Is it possible to update syspreped parent image without affecting the child diff disk in hyper-v

hyper-vhyper-v-server-2012sysprep

This ties to the SO: Can you update a Hyper-V parent differencing disk to push updates to all children?

I have setup where parent disk is the syspreped image of the OS. I have created a child VM with differencing disk using syspreped image as a parent.

Is it possible to update syspreped image without affecting the child? Is there any other configuration that will not destroy the child disk when updating (syspreped) parent?

I have not been successful in applying changes to the parent without getting below error from the child VM:

Failed to Power on with Error 'The chain of virtual hard disks is corrupted. 
There is a mismatch in the identifiers of the parent virtual hard disk and differencing disk.'.

This message occurs when I power up parent machine, complete activation (from sysprep) update the OS and then execute sysprep one more time on the parent. After that child differencing disk will not boot again.

Best Answer

File systems put lots of file tracking information on disk. And if the blocks on the disk change at all, that tracking information is out of date. When this occurs, you get file corruption, chkdsk, and pain.

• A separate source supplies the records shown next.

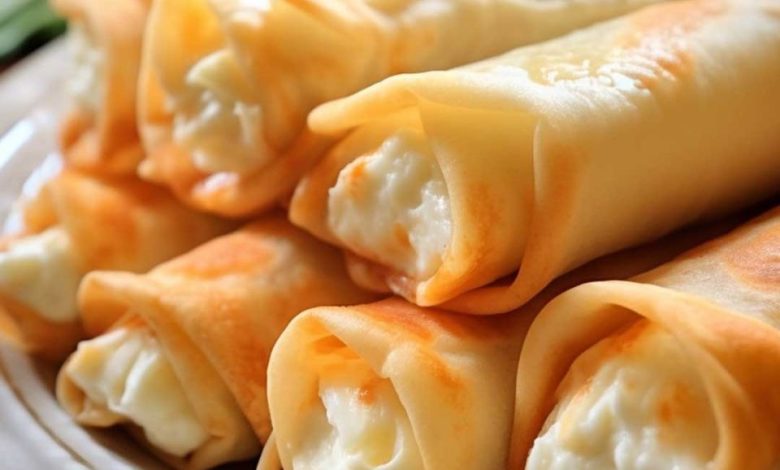Place 2 tablespoons of the cream cheese mixture on the bottom half of a spring roll.
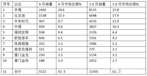 1、2017年9月及1-9月重点客车企业新能源公交客车销量及市场份额如下表:
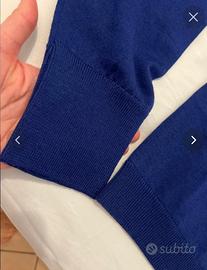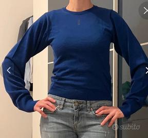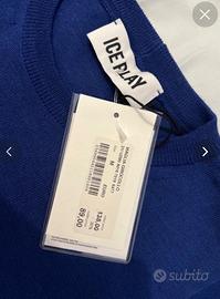 Maglione in 100% lana vergine, filato sottile e morbidissimo. Marchio Iceplay by Iceberg. Made in Italy. Taglia M. Corto in vita, busto aderente e maniche ampie. Mai indossato, nuovo con cartellino. Colore blu intenso.
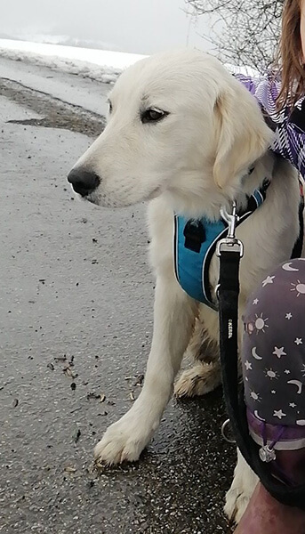Er liebt es spazieren zu gehen und ist schon rein in der Nacht. Er hört auch schon ein bisschen auf seinen Namen und geht uns schon zu, wenn wir in rufen 🙂
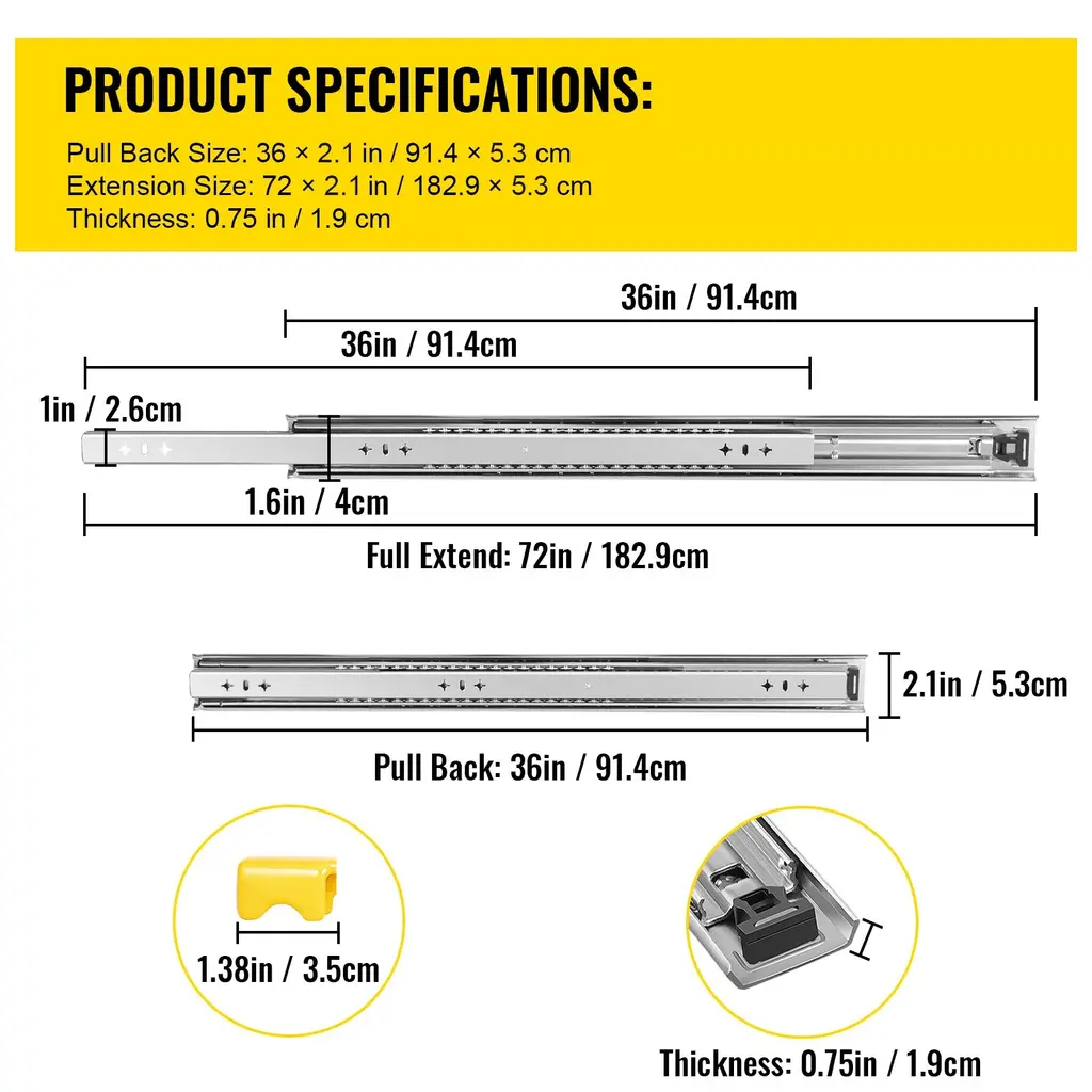 Three-Section Drawer Slides: You can get 1 pair of locking drawer slides: 18"-48" in length, 2.1"/ 5.3 cm in width, and 0.75"/ 1.9 cm in thickness. Our 3-fold full extension design allows the entire drawer to be extended fully, making it easy to reach. A great helper to maximally utilize your drawer's space(fully closed length: 36", fully extended length: 36"-96"). Sturdy Steel & 250 lbs/500 lb Bearing: Constructed with 0.08"/ 2 mm thickness cold-rolled steel (CRS), the heavy-duty drawer slides have up to 250 lbs/ 115 kg load capacity. Secure and rugged enough to support heavy storage without deformation over time. The electroplated surface keeps the extension drawer slides rust-proof and abrasion-proof, ensuring lifetime use. The slides can be applied to goods shelves, cabinets, industrial drawers, RVs, trucks, vending machines, etc. Softly & Quietly Slides with Lock: These slides feature a lock-in and lock-out design for easy control, secure fixation, and no chance of drawer separating from the cabinet. Compared to drawer slides without locks, our drawer slides with locks provide more security and stability. A double row of ball-bearing action provides a smooth slide performance when closing and opening the drawer. The nylon buffer design on the middle-section slides produces less noise and no bounce back. Choose the Right Size: How can you determine the right size of slides for your drawer? Please refer to the detailed description of each size as the picture shows. 0.76"/ 19.2 mm space between drawer and cabinet wall is required (left 0.76", right 0.76"). It is better to measure the length of the drawer and cabinet without the frame board before choosing our drawer slides. Note: The length of slides should be less than or equal to drawer depth. Installation & Usage: Full extension drawer slides are compatible with most major drawer and cabinet types. The heavy-duty drawer slides can be installed on the side of the cabinet or machine parts. All screws and bolts are included for effortless installation. Ideal for new construction, remodeling, and replacement projects, such as room furniture, kitchen, tool shed and commercial equipment. Installation is effortless, so you can use the drawer right away. Package Content 2 x Drawer Slides 12 x M5 Screws (1 x Heavy-Duty Drawer Slide Kit 1 x Screw Kit 1 x User Manual 12 x M5 Screw Nuts) for 500lbs option

Differencing disks work by tracking the blocks that have been written since the differencing disk was created. New writes go into the child VHD (or AVHD) and reads come from that child if they exist there. If the block corresponding to the read is not in the child, it comes from the parent. The file system tracking structures are rewritten frequently and tend to exist mostly in the child. (Even if this last part weren't true, there would still be a problem here.)

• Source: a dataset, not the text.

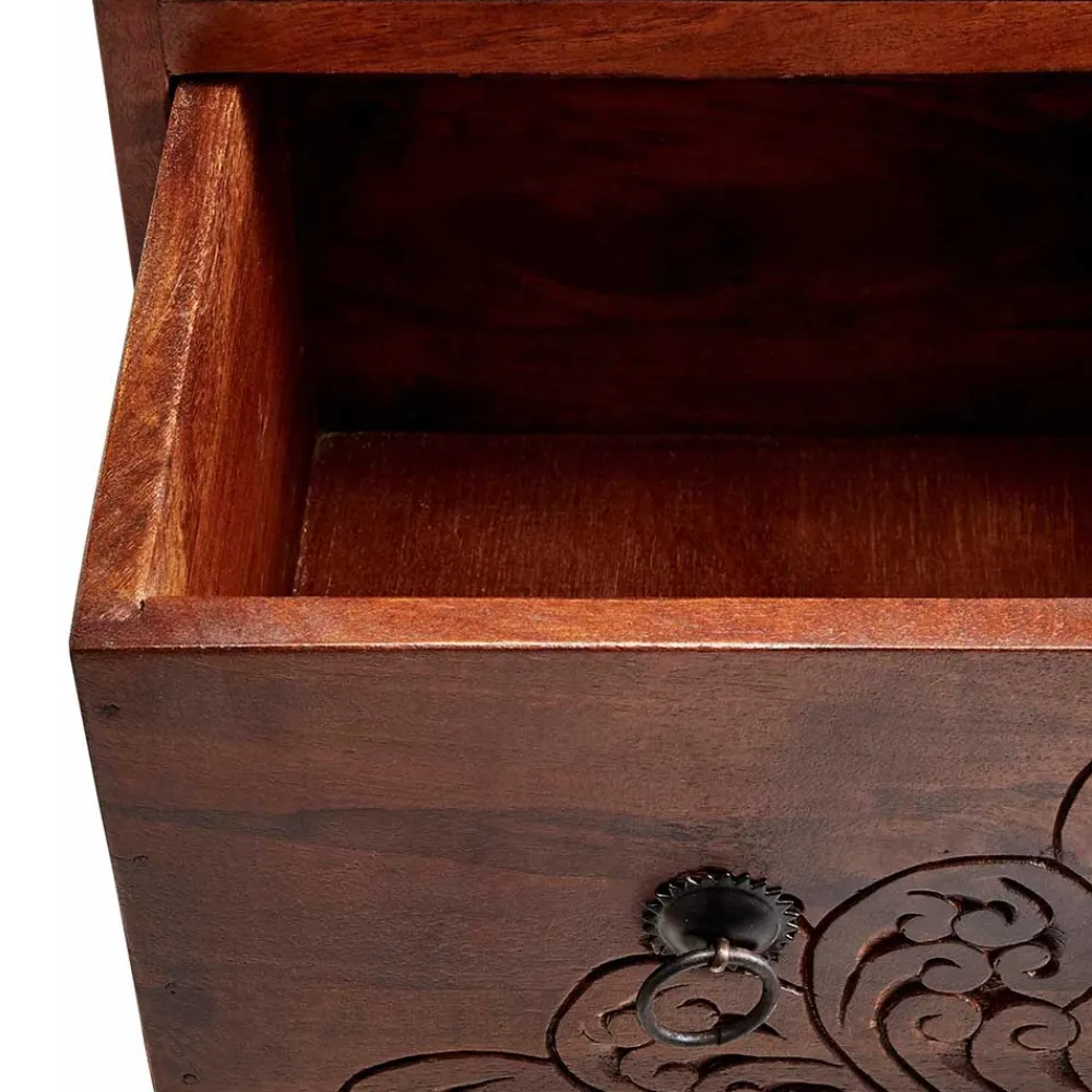 - Oberflächen lackiert, Schubladenfronten teils beschichtet, teils beschnitzt

If you mount a parent VHD separately and change the file system on it, many of the blocks that are represented in the child will be changed in the parent, and thus be out of date in the child, including some of the tracking structures. So if you ever try to mount the child VHD again, it will then try to fetch things from the parent that are now misaligned. This will be seen as the corrupt file system that it is.

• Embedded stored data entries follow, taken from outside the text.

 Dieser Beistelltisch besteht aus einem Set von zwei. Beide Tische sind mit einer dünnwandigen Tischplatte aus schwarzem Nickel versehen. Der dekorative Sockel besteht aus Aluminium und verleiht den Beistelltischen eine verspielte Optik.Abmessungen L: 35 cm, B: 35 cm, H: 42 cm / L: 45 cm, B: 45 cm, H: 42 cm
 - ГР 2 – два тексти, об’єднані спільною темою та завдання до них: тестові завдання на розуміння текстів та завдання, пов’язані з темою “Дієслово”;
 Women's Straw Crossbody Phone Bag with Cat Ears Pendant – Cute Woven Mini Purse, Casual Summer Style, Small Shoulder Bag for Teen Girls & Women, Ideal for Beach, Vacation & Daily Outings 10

Many people end up asking the question that you just asked. Their confusion generally stems from not understanding that disks deal in blocks, not files. They expect that a VHD (which is a virtual block device, not a file system) exposes files to a VM. It doesn't. It exposes only blocks. The guest OS then lays down a file system of its choosing. The virtualization system (Hyper-V in this case) knows nothing about the files, only the blocks.

What you were really hoping for is a differencing file system, not differencing disk. Those exist, as network-attached storage. Windows doesn't boot from remote file systems though, so they probably won't solve your problem.